To make sure I am not a horrible mother by not rushing her to the Emergency Room, I called her pediatrician in Washington since the doctor's office in Crandon was already closed. The nurse told me what signs to look for that warrant a trip to the hospital: high fever, vomiting, severe belly aches to name a few. So far she appears unaffected.

So now all we have to do is wait and very closely examine anything that comes out the other end. It's a good thing potty training has not yet been completed. Ryan will be thrilled. She is sleeping with me tonight, just so I can keep an eye on her.

And as if all this wasn't trying enough, while I was talking to the nurse, Lola got into the band aid supply and stuck them on her legs. All but one. I should use that remaining band aid and tape her mouth shut. Tempting, very tempting...

11 January 2010

A Public Apology

Dear Fellow Northwoods Drivers,

I would like to take this opportunity to apologize to all of you for my driving. Not that my driving is bad, it's just that I'm slow. Driving in the snow is not my forte. Being a Wisconsin newbie, I have little experience with it. Add to that the minimal profile on my tires, and general fear of accidents, and you end up with the driving style of a little old lady. Like the winter weather, it will not last. I promise. In the meantime, please be patient with me as I am working on my ice truckin' skills. This morning, when the road was covered in ice and snow, I was doing at least 40 mph. At times I even made it up to 45 mph! That is a definite improvement over my first week on the road when my speedometer never made it past 35 mph.
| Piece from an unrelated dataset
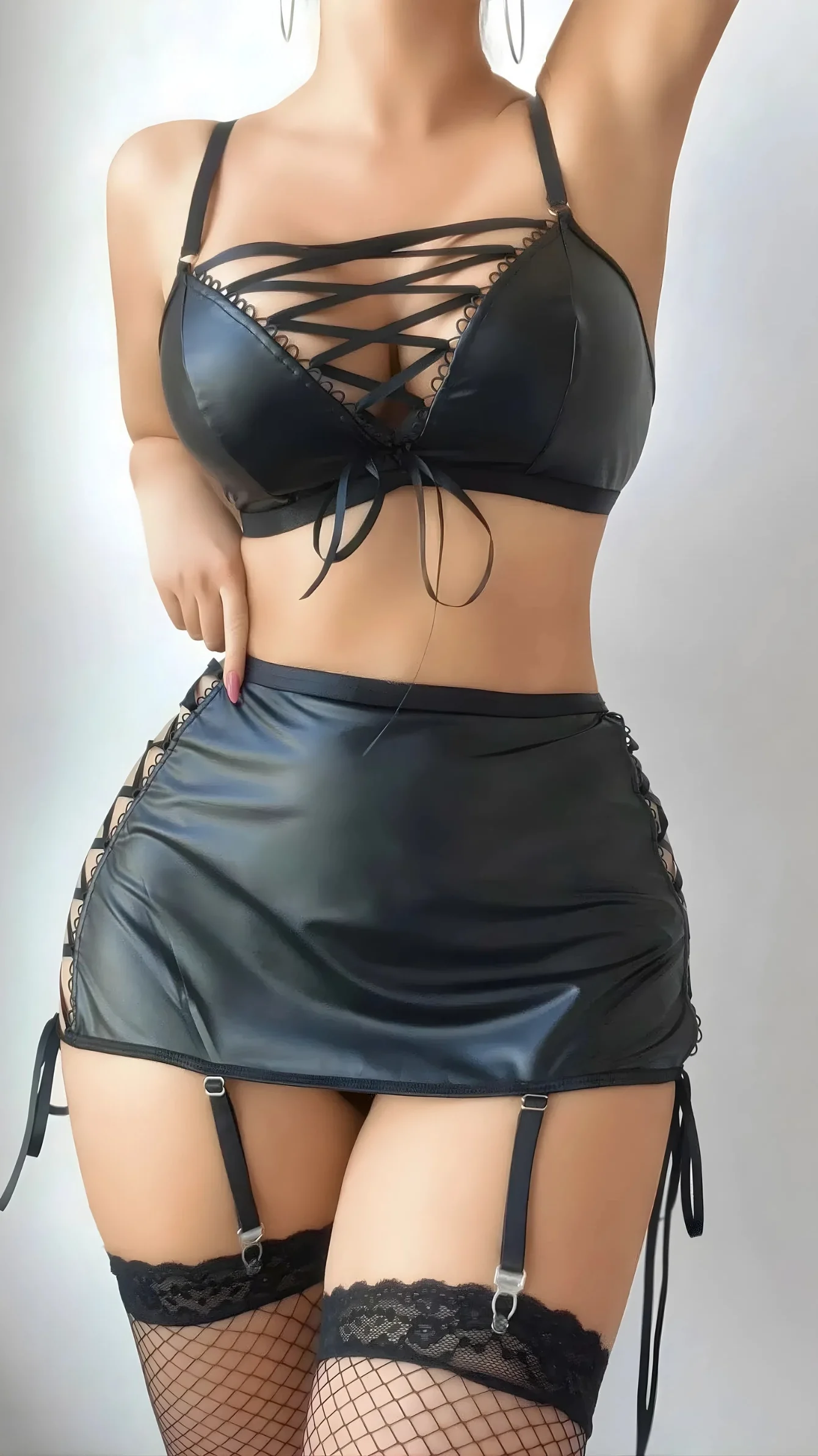 Luna Lora siyah deri jartiyer takımı; fantezi geceleri, özel anlar, rol yapma konseptleri ve bekarlığa veda organizasyonları için ideal bir tercihtir.

I do, however, have a favor to ask of some of you. Please, please, pretty please, stop tailgating. There is plenty of room to go around me, so go ahead and use it. Riding my butt will NOT make me go faster. It will only result in my blood pressure and yours going up, and no-one is going to benefit from that. And if you feel that you must drive as close to me as you possibly can, at least be kind enough to lower your brights. Really, blinding me will not make me speed up either. It is as ineffective as it is dangerous, not to mention extremely annoying.

Thanks so much for your consideration. Safe travels!

Hanneke N.

P.s. I realize it must be confusing for you because my husband drives our car too, and his driving style varies greatly from mine. He is convinced the emergency brake is a bona fide winter tool for one. Sorry.

09 January 2010

Blessed Or Cursed?

Ryan and I were deliberating the other day whether we were blessed or cursed. He thinks we’re cursed, I don’t. It’s not that I am in denial about our current hardships – as much as I would like to be – I just tend to look at things in a more positive way; the ol’ half full/half empty glass debate. I am convinced having a positive mindset will help me accomplish my goals. The Power of Positive Thinking works for me. At the very least, it brings me peace.

I believe we mostly brought our present trials and tribulations on ourselves by bad habits and a few questionable decisions. Add in some bad luck and a failing economy and before you know it, you’re living the American Nightmare. But I clearly see our many blessings and believe we are slowly working our way back up again. I realize it’s probably easier for me to say that; I leave the house every day to go to a fun, albeit increasingly demanding job. Ryan is stuck at home for the moment with no place to go, and no way to get there.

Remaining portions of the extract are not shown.